Capítulo 38: Tia?
Lilith permanecia imóvel no topo da cruz, no ponto mais alto da igreja. Seus olhos analisavam a paisagem da cidade à sua frente, um mar de destruição pontuado por construções ainda de pé. A neve caía levemente, e o silêncio que pairava era interrompido apenas pelo som do vento. Ao seu lado, Félix, em forma de uma pequena esfera luminosa, parecia inquieto.
— Você sabe que vencerá essa batalha — comentou ele, sua voz ecoando com um tom melodioso, mas cheio de preocupação. — Mas haverá grandes perdas.
Lilith, sem desviar os olhos do horizonte, respondeu com frieza:
— Foda-se.
Félix piscou intensamente, quase como um suspiro.
— Não perca sua sanidade.
Lilith virou o rosto lentamente para ele, sua expressão carregada de uma raiva contida.
— Eles mataram meus amigos, Félix. Isso já é motivo suficiente.
— Mas você mal os conhecia… — tentou argumentar.
— Não importa! — ela rebateu, interrompendo-o. — A conexão que eu criei com eles foi forte o suficiente. Além disso, Félix… — Lilith deu uma risada amarga. — Eu mesma “nasci” há pouco tempo.
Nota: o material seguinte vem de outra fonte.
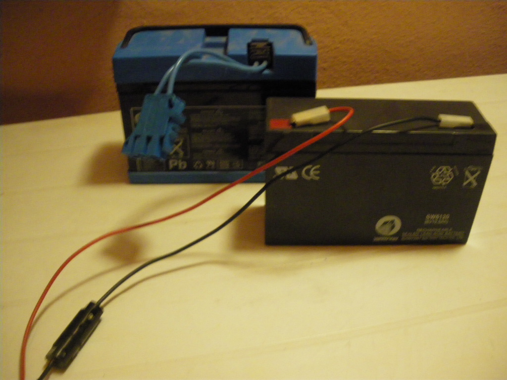 Finalmente ho cercato una batteria per auto, ma ne ho trovata una che non so se sia carica o no. Intanto, visto che volevo provare a farlo sul monte Ventasso, ho trovato due batterie per i miei vecchi giochi elettrici, più leggere (più precisamente una piccola jeep Peg-Peregò e una piccola moto :lol: ). Una è da 12 volt (stessi di quella della batteria dell'auto, solo che è molto più leggera :shock: ) e l'altra 6 volt. Potrebbe andare una delle due per usare una lampadina di più di 200 volt, usando un inverter che trasforma credo da 12 a 150 watt??? Allego le foto, scusate ma le ho fatte in fretta alla luce del lampioncino di casa:
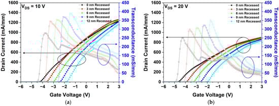 As shown in Figure 10a, the of the 0, 3, 6, 9, and 12 nm recessed structures were −4.3, −3.7, −3.1, −2.5, and −1.9 V, respectively, and the simulated values of were 276.89, 344.91, 353.99, 370.06, and 389.84 mS/mm, respectively. The of the 12 nm recessed structure improved by 40.79% with respect to that of the non-gate-recessed structure. In Figure 10b, when a of 20 V is applied, the severe SHE affects the reduction of the drain current. Additionally, and were confirmed to exhibit similar tendencies to those of the corresponding simulated parameters at a drain voltage of 10 V.
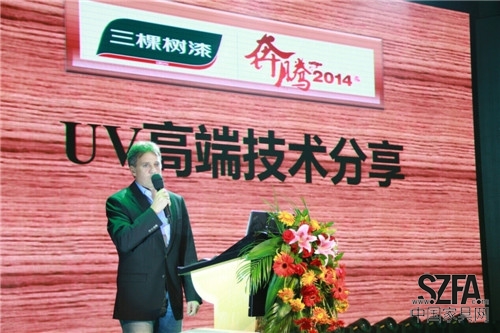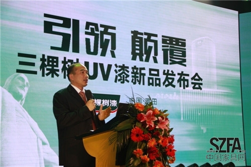 隨后,國內UV漆權威專家施文芳女士詳細解讀國內UV技術的發展現狀和趨勢;同時揭示了三棵樹中巴UV漆合作及推出新品的重大意義。

Para mim, tudo ainda é novo, mas perder alguém… isso dói.
Félix flutuou ao redor dela, sua luz tremeluzindo como se absorvesse a dor dela.
— Eu só não quero te perder — disse ele suavemente.
Lilith fechou os olhos por um instante, permitindo-se sentir o conforto de suas palavras.
— Não vai me perder — respondeu ela, com um sorriso determinado.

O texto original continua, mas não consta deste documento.